Yujin Kim, PhD
Image Classification with the Google Earth Engine
Unsupervised Image Classification, Using JavaScript
Aim
– K-Means Clustering
The aim of this task is to classify London’s Sentinel image into clusters of pixels with similar characteristics. Google Earth Engine [1] – an online geospatial analysis platform – was used as it runs relatively fast, is based on Google Cloud processing and provides numerous historical imageries and datasets [2]. This section shows K-means clustering for image classification, using JavaScript.
K-Means Clustering Using JavaScript
Fig. 2.1 is JavaScript that I wrote to run K-means clustering by referencing Google Earth Engine guides [3].
Fig. 2.1. JavaScript programming code
Results from the Image Classification
A Sentinel image of London [4] (Fig. 2.2) was clustered into 10, 50 and 200 categories by K-means image classification (Fig. 2.3, 2.4 and 2.5). For processing, the number of clusters was indicated as 10, 50 and 200 clusters (var nClusters = x in row 21 of the JavaScript code in Fig. 2.1), and other variables remained the same (in rows 22–33 of the JavaScript) for the three implementations to compare their results.
Fig. 2.2. London’s Sentinel image during the period of 1–31 July 2019 [4] in true colour expression (Bands [B4, B3, B2])
Fig. 2.3. Classified image: number of clusters 10 using Google Earth Engine
Fig. 2.4. Classified image: number of clusters 50 using Google Earth Engine
Fig. 2.5. Classified image: number of clusters 200 using Google Earth Engine
When the three results were compared, the River Thames became distinguishable when the number of clusters increased from 10 to 200. This indicates that the pixels composed of the River Thames had more common features with each other in the River Thames’ classification (compared to those of buildings, roads, etc.); thus, the River Thames was represented conspicuously. Parks and clouds were also detectable when the number of clusters increased, although they were less visible with cluster number 200. However, the built environments, including buildings, roads and railways, became invisible when the number of clusters was 200, as their image pixels had various features.
For future studies, this K-means clustering can be used to detect the perimeter changes of the River Thames. When a number of historical Sentinel imageries are collected (e.g. from 1990 to 2023) and classified using this machine learning, how much the River Thames area has changed during a specific period can be quantified. When the image clustering is processed, the increase in clustering number may help because the River Thames becomes more distinguishable.
Another approach is supervised machine learning, which processes based on a labelled training dataset – the user defines the labels – while unsupervised machine learning relies on unlabelled data [5]. The next section introduces a supervised machine learning task.
References
[1] Google Earth Engine, https://earthengine.google.com/.

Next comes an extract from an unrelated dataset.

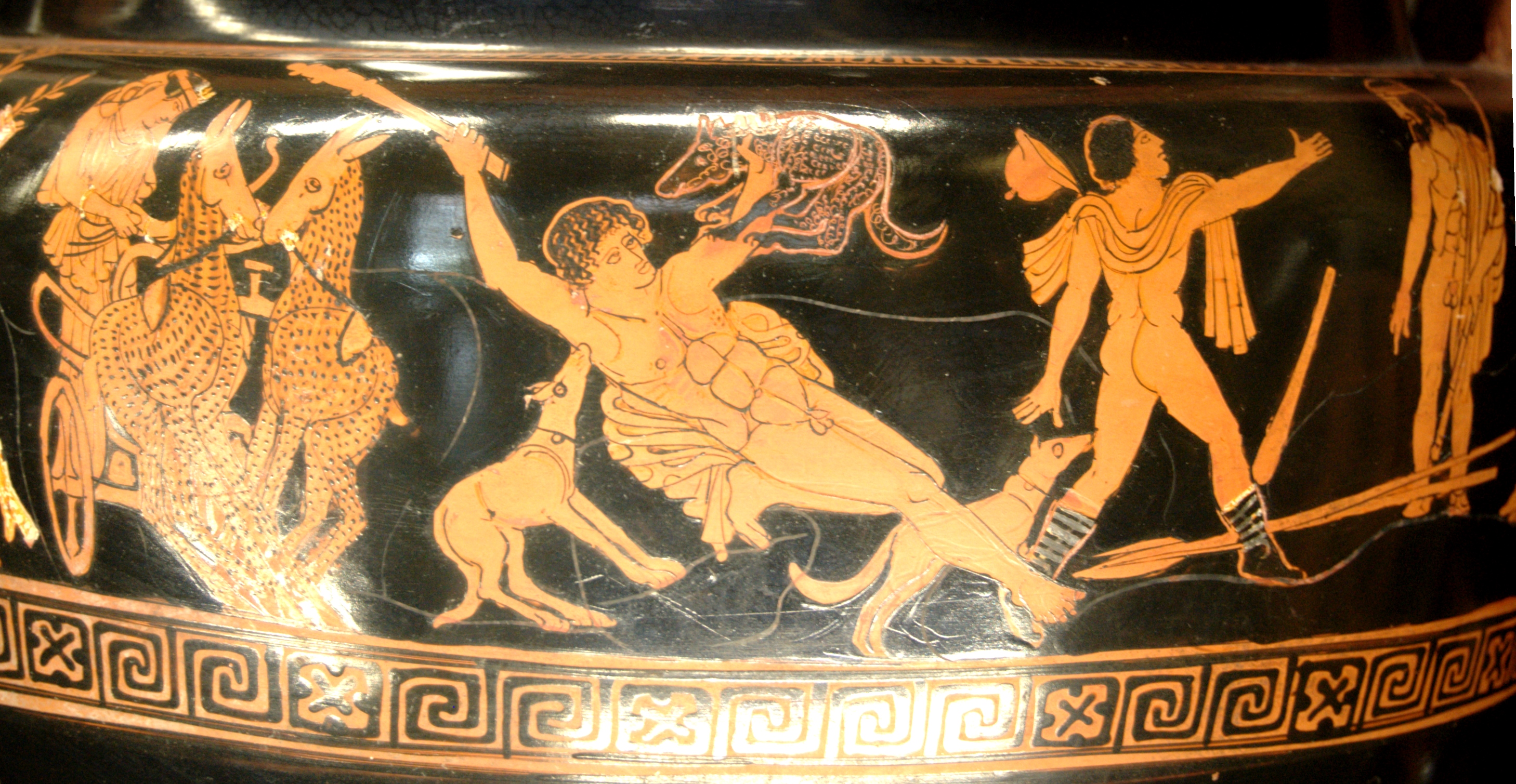 아이스킬로스는 액타이온 신화에 대해 "개들이 그들의 주인을 완전히 파괴했다"라고 언급했다.[205] 에우리피데스는 ''바카이''에서 액타이온이 아르테미스보다 더 뛰어난 사냥꾼이라고 주장했다고 썼다.[207] 칼리마쿠스는 액타이온이 숲에서 목욕하는 아르테미스를 우연히 만났다고 했다.[208]

[2] Advantages and disadvantages of Google Earth Engine,
https://www.earthblox.io/blog/advantages-and-disadvantages-of-google-earth-engine.

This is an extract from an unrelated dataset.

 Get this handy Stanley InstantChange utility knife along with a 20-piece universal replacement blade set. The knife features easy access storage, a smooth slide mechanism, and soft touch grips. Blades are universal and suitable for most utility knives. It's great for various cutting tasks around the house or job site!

[3] JavaScript and Python Guides, https://developers.google.com/earth-engine/guides
[4] Sentinel-2 MSI: MultiSpectral Instrument, Level-2A. Dataset provider: European Union/ESA/Copernicus.
https://developers.google.com/earth-engine/datasets/catalog/COPERNICUS_S2_SR.
[5] Supervised vs. unsupervised learning: what’s the difference?,
https://cloud.google.com/discover/supervised-vs-unsupervised-learning#:~:text=The%20biggest%20difference%20between%20supervised,correct%20output%20values%20should%20be.